A hybrid model for the forecasting of sea surface water temperature using the information of air temperature: a case study of the Baltic Sea

ABSTRACT

Sea surface temperature (SST) is an important indicator of marine system. In this study, the hybrid physically-statistically based air2water model was modified for the forecasting of SST. The hybrid model combines empiricism and theory, and balances the complexity and accuracy between the process-based physical models and statistical models. Daily observed SST data (2009–2019) from six stations in the Baltic Sea were used for the evaluation of model performance. Two metrics including the root mean squared error (RMSE) and the Nash-Sutcliffe efficiency coefficient (NSE) were used for model assessment. With the increase of air temperature, SST presents a clear warming trend (0.133°C/year–0.166°C/year), and air temperature warms faster than SST in the studied stations. The modelling results indicated that the model performs well for SST forecasting (in the validation period, mean value of RMSE is 1.245°C, and mean value of NSE is 0.961). Cross-validation results showed that the model is transferable in unknown stations. However, the model works a little bit worse in the warm period due to the impact of the upwelling phenomenon. Overall, the model is a promising tool for the prediction of SST.

KEYWORDS:

• Sea surface temperature
• air temperature
• air2water
• baltic sea

1. Introduction

Water temperature (WT) is a key variable controlling many processes in estuaries and oceans. With the impact of climate warming, increasing WT will inevitably affect marine ecosystem. For example, Baird et al. (2019) found that the marine ecosystem (Sylt-Rømø Bight, Wadden Sea) becomes less organised and more dissipative with higher WT; Parravicini et al. (2010) found that thermal anomalies up to 4°C above the climatological mean may lead to mortalities of benthic species of the NW Mediterranean during thermal events. In this regard, having a good knowledge of thermal dynamics in marine systems is of great significance.

Sea surface temperature (SST) is an important index as the surface layer interacts directly with the atmosphere. Surface water temperature is a good indicator to show the impact of climate warming and thus it is always used for climate change studies (e.g. Pei et al., 2017; Piccolroaz et al., 2020, 2021). It impacts the energy balance of the other layers as well. In order to have a comprehensive understanding of the thermal dynamics in the marine system, it is important to have a good knowledge of SST variations.

Mathematical models provide good tools for the forecasting of SST. In the past decades, different categories of models were developed, and they include process-based deterministic models (e.g. Brassington, 2013) and statistical models (e.g. Jahanbakht et al., 2022; Landman & Mason, 2001; Wolff et al., 2020). Process-based deterministic models are based on energy balance, and they are complex by coupling the atmosphere with the ocean system, which require large computational efforts. Additionally, they need a lot of data as model inputs, such as a full set of meteorological variables, flow, wave, etc. Statistical models are simpler, and by developing the relations of SST with the other impact factors (e.g. air temperature, solar radiation, wind, humidity), they can obtain the approximated estimates of SST. However, they lack of clear physical meaning. To compromise between the above two methods, we propose whether it is possible to have a hybrid physically-statistically based model, which has clear physical meaning and is easy to use, especially for the projection of climate change.

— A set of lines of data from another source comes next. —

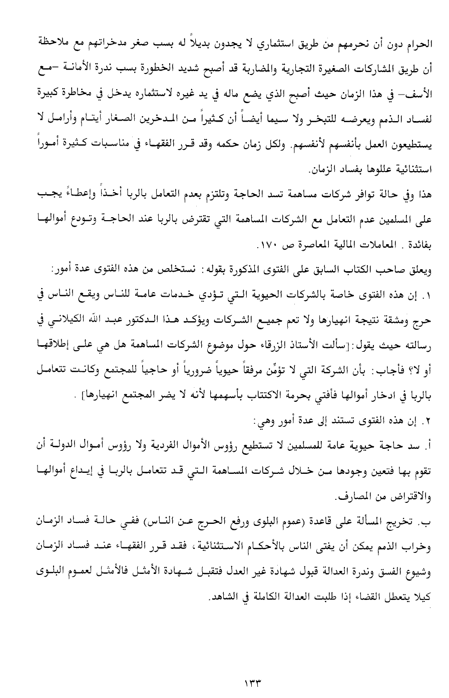 الحرام دون أن نحرمهم من طريق استثماري لا يجدون بديلاً له بسب صغر مدخراتهم مع ملاحظة أن طريق المشاركات الصغيرة التجارية والمضاربة قد أصبح شديد الخطورة بسب ندرة الأمانة -مع الأسف- في هذا الزمان حيث أصبح الذي يضع ماله في يد غيره لاستثماره يدخل في مخاطرة كبيرة لفساد الذمم ويعرضه للتبخر ولا سيما أيضاً أن كثيراً من المدخرين الصغار أيتام وأرامل لا يستطيعون العمل بأنفسهم لأنفسهم. ولكل زمان حكمه وقد قرر الفقهاء في مناسبات كثيرة أموراً استثنائية عللوها بفساد الزمان.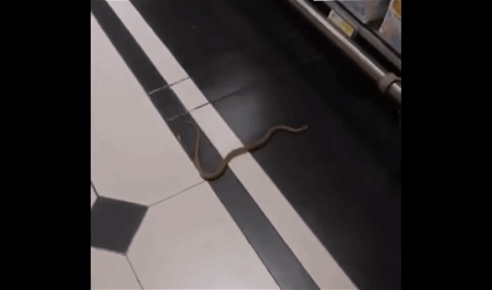 وبحسب الفيديو، فقد ظهرت الأفعى تحت أحد الرفوف المخصصة لعرض البضائع، الأمر الذي استدعى تدخلاً سريعاً من العاملين في المكان لمعالجة الأمر وإنتشال الأفعى من مكانها.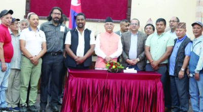 काठमाडौं । राष्ट्रपति रामचन्द्र पौडेलले नवनियुक्त प्रधानसेनापति अशोकराज सिग्देललाई नेपाली सेनाको महारथी पदको दर्ज्यानी चिह्न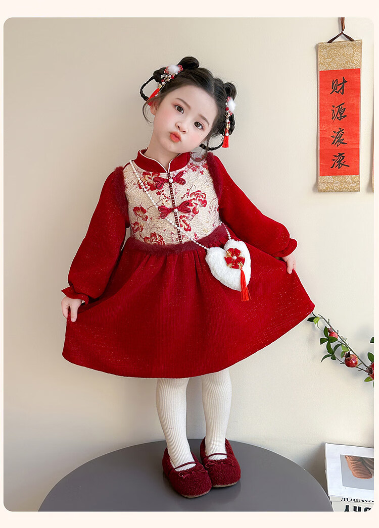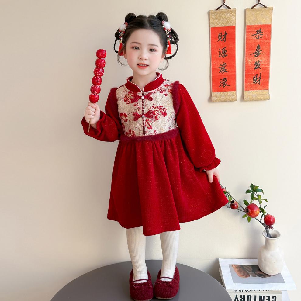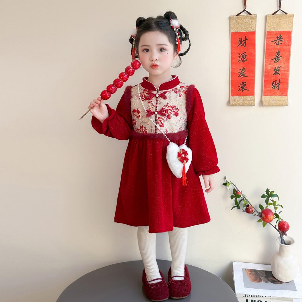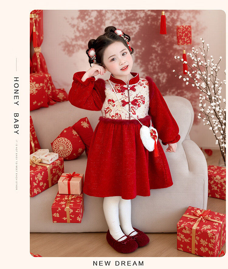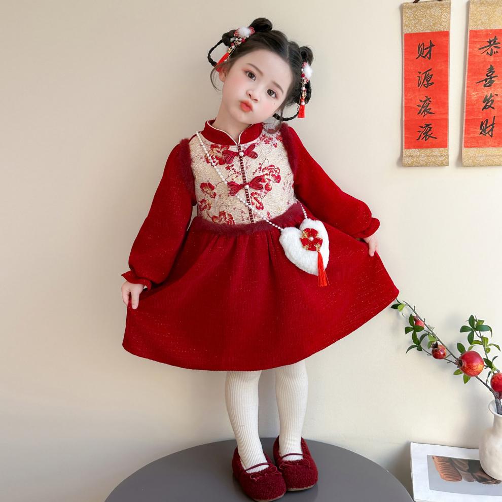 HAL.DUCK Girls' New Year's Eve Clothes Plus Velvet Dress Winter 2026 New Children's Cheongsam Dress Baby Girl's Happy New Year Dress Red Free Bag 110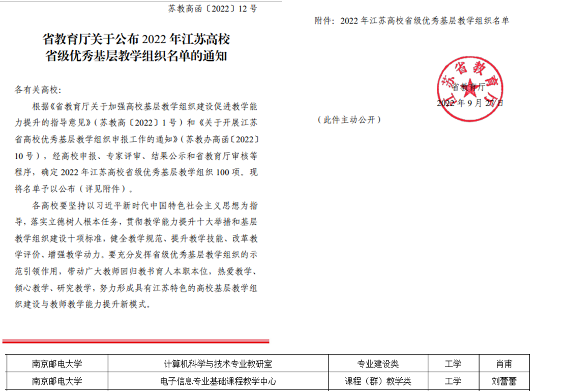 近日,省教育厅公布了2022年江苏高校省级优秀基层教学组织评选结果,我院“电子信息专业基础课程教学中心”是我校成功入选的两个基层教学组织之一。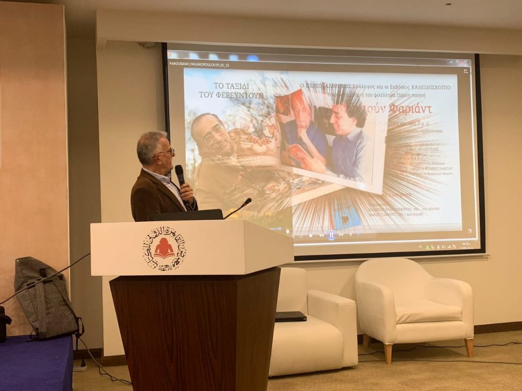 Η κα. Σταυρούλα Σπανούδη αφού πρώτα καλωσόρισε τους παρευρισκομένους. εισήγαγε στο κοινό, το πνεύμα των έργων του συγγραφέα κυρίως μέσω του βιβλίου με τον τίτλο «Το Ταξίδι του Φερεϋντούν» των εκδόσεων «Καλειδοσκόπιο».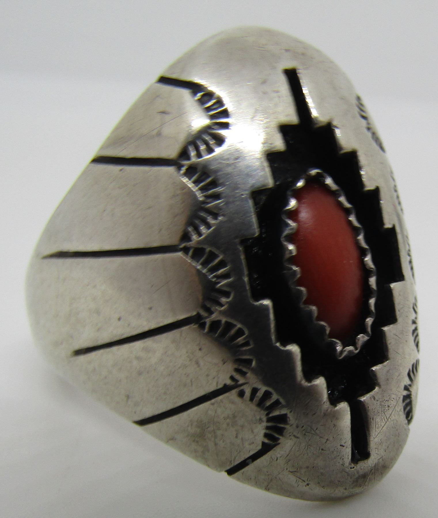 HALLMARKED "P STERLING". VINTAGE ESTATE NATIVE AMERICAN SOUTHWEST NAVAJO INDIAN JEWELRY. BEZEL MOUNTED WITH RED CORAL. TOP MEASURES 27MM WIDE. WEIGHS 14.1 GRAMS. SIZE 11. USA SHIPPING $5.

Despite the complexity of the impact of various factors on SST (Shaltout, 2019), air temperature is generally a parameter of key importance. Galbraith et al. (2012), by analysing SST in the Gulf of Saint Lawrence, pointed to a strong correlation between SST and air temperature, which is useful in predicting the response of water temperature to changing climate. Positive and high correlations between SST and surface air temperature in the case of the Arabian Sea and Indian Ocean were evidenced in research by Jaswal et al. (2012). An increase in water temperature in all regions of the Baltic Sea is a natural consequence of changes in air temperature and atmospheric circulation (Rukseniene et al., 2017). Moreover, it should be emphasised that data regarding air temperature show a high level of record detail, and are publicly available.

In this study, we simply modified the hybrid air2water model, which was initially developed for the forecasting of lake surface water temperatures (Piccolroaz et al., 2013). Since its first release, it has been widely used and well justified in different regions (e.g. Heddam et al., 2020; Piccolroaz et al., 2018, 2021; Zhu et al., 2021, 2020). The model is easy to use and accurate, and it needs only the information of air temperature (Heddam et al., 2020; Piccolroaz et al., 2021; Zhu et al., 2021, 2020). We tested the modified model by using the observed SST data from six gauge stations in the Baltic Sea. Water temperature modelling in the Baltic Sea is relatively limited, with several available studies employing very complex models, such as the coupling of circulation and wave models in Alari et al. (2016). These studies mainly focused on the spatial variation of water temperatures (e.g. vertical profile), thus using these models for the prediction of SST is overqualified. For the projection of climate change, we often need only the information of surface water temperatures (e.g. Piccolroaz et al., 2020, 2021; Woolway et al., 2020). In this regard, investigation of simple method is of great significance, which is the aim of this study.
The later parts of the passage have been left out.